335 F2d 599 Nunn's Battery and Electric Company v. W Wirtz
335 F.2d 599
NUNN'S BATTERY AND ELECTRIC COMPANY, Inc., Appellant,
W. Willard WIRTZ, Secretary of Labor, United States Department of Labor, Appellee.
United States Court of Appeals Fifth Circuit.
July 20, 1964.
Rehearing Denied September 1, 1964.
Jack Crenshaw, Montgomery, Ala., for appellant.
Bessie Margolin, Associate Sol., Dept. of Labor, Beate Bloch, Atty., Dept. of Justice, Charles Donahue, Sol. of Labor, Jacob I. Karro, Atty., U. S. Dept. of Labor, Washington, D. C., Beverley R. Worrell, Regional Atty., for appellee.

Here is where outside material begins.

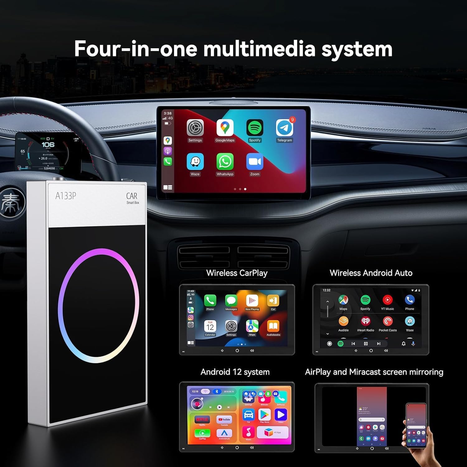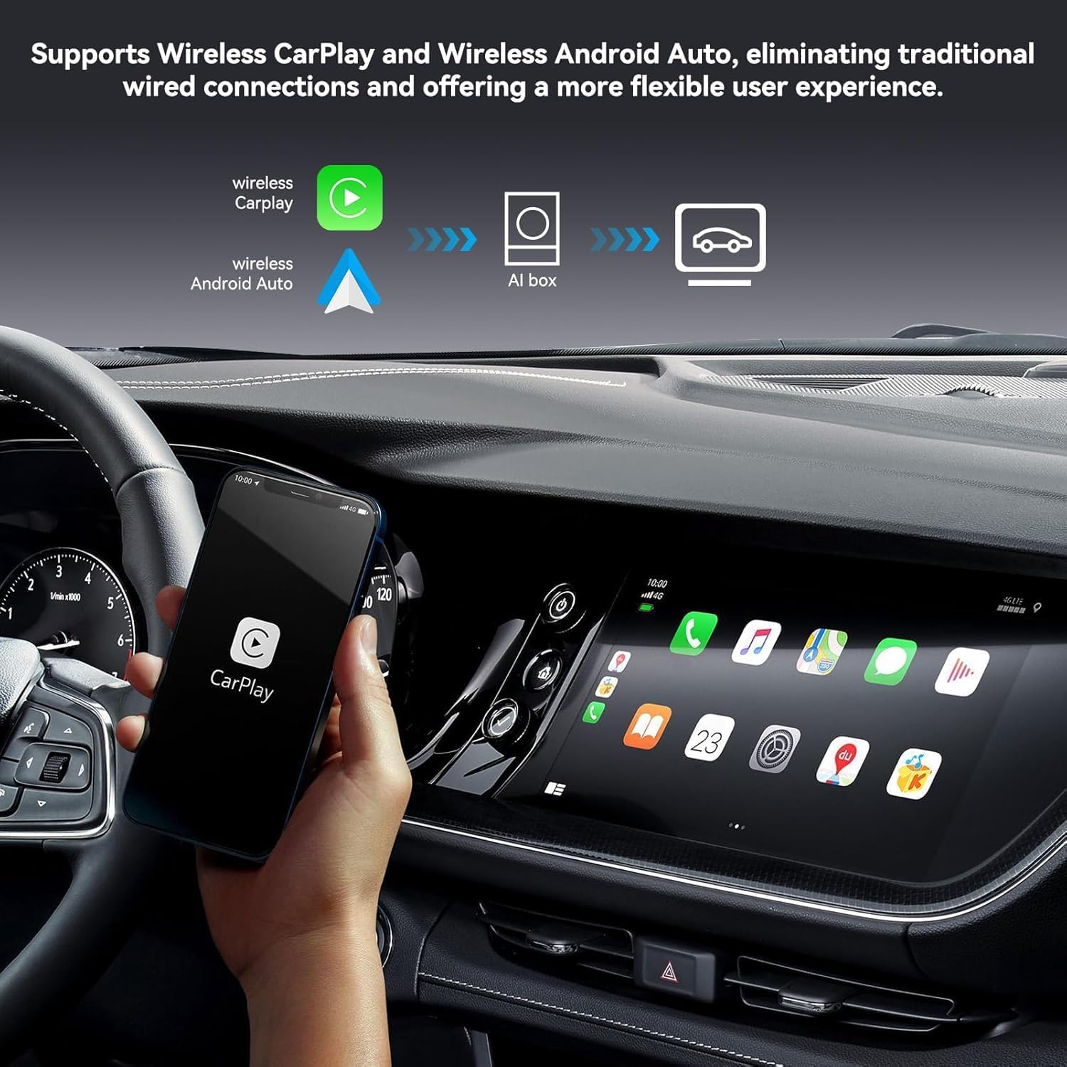 【Wireless CarPlay and Android Auto Adapter】Use it to upgrade your in-car entertainment system by upgrading wired Carplay and Android Auto to wireless, get rid of messy cables. Just connect your phone, then you can access your apps, maps, music, and more on your car’s touchscreen. With voice control, you can do it all – make calls, get directions, play music, and more.

Before RIVES, CAMERON* and WISDOM, Circuit Judges.
RIVES, Circuit Judge.
In 1960 the Secretary of Labor brought injunctive proceedings against the appellant, Nunn's Battery and Electric Company, Inc., to enforce compliance with the minimum wage, overtime, and record-keeping provisions of the Fair Labor Standards Act, 29 U.S.C. §§ 201-219. On appeal, this Court affirmed a judgment of the district court which was against Nunn's Battery and specifically found several of the employees to be engaged in commerce within the meaning of the Act. Nunn's Battery and Electric Co. v. Goldberg, 298 F.2d 516 (5 Cir. 1962). Later, an investigator was sent by the Secretary to see if Nunn's Battery was complying with the injunction. As a result of this investigation, the Secretary asserted that two maids were within the coverage of the Act and were being paid less than the minimum wage without the overtime premium required by the Act. In December 1962, the district court found that these maids were engaged in commerce and engaged in the production of goods for commerce and held Nunn's Battery to be in contempt of the previous judgment, ordering it to pay to the employees sums representing wage underpayments and to pay a compensatory fine representing costs and expenses of the investigation and prosecution of the action. Nunn's Battery has appealed from that order.

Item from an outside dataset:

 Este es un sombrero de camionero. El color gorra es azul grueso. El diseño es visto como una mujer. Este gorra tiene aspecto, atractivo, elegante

The question presented is whether these maids are engaged in commerce or engaged in production of goods for commerce within the meaning of the Fair Labor Standards Act. We conclude that the maids are engaged in the production of goods for commerce and thus do not find it necessary to decide whether they are engaged in commerce.
The wholesale business of Nunn's Battery has not changed since the time of the last appeal. Its sales are split evenly between welding supplies and automotive parts and supplies. Most of these items are purchased from out-of-state sellers, but only 3 to 5 per cent of its sales are to out-of-state consumers. Usually, the orders of its customers are filled from its own warehouses, though sometimes a special order must be filled by an out-of-state supplier or automotive parts must be sent back for repair or credit. Besides selling gas cylinders, it picks them up, repaints them, and sends them out of state for refilling.
The maids in question sweep in the aisleways and walkways between the rows of bins where parts are stored, mop the customer sales area and office area, assist in removing waste from the shipping and receiving clerk's area in the parts department, sweep the outside walkways and driveways, clean the rest rooms, and occasionally wash windows. They do not go into the welding department or onto the loading dock.
The Fair Labor Standards Act states that an employee shall be deemed to have been engaged in the production of goods for commerce if he was employed in "handling, transporting, or in any other manner working on such goods, or in any closely related process or occupation directly essential to the production thereof."1 The Secretary contends that when the shipping clerk takes supplies from the bins, wraps them, and loads them for shipment to customers, he is "handling, transporting, or in any other manner working on" them so as to be engaged in the production of goods within the meaning of the Act. Only about one per cent of these supplies, however, are sent to out-of-state customers. The Secretary also contends that the painting of the gas cylinders in preparation for their shipment to the out-of-state supplier or out-of-state purchasers is likewise production of goods for commerce. He then concludes that the maids are in a "closely related process or occupation directly essential" to this production because they sweep the area around the shipping clerk's counter, sometimes clear up the trash there, and pick up empty paint cans from near where the cylinders are painted, although they do not go onto the dock where the painting actually takes place.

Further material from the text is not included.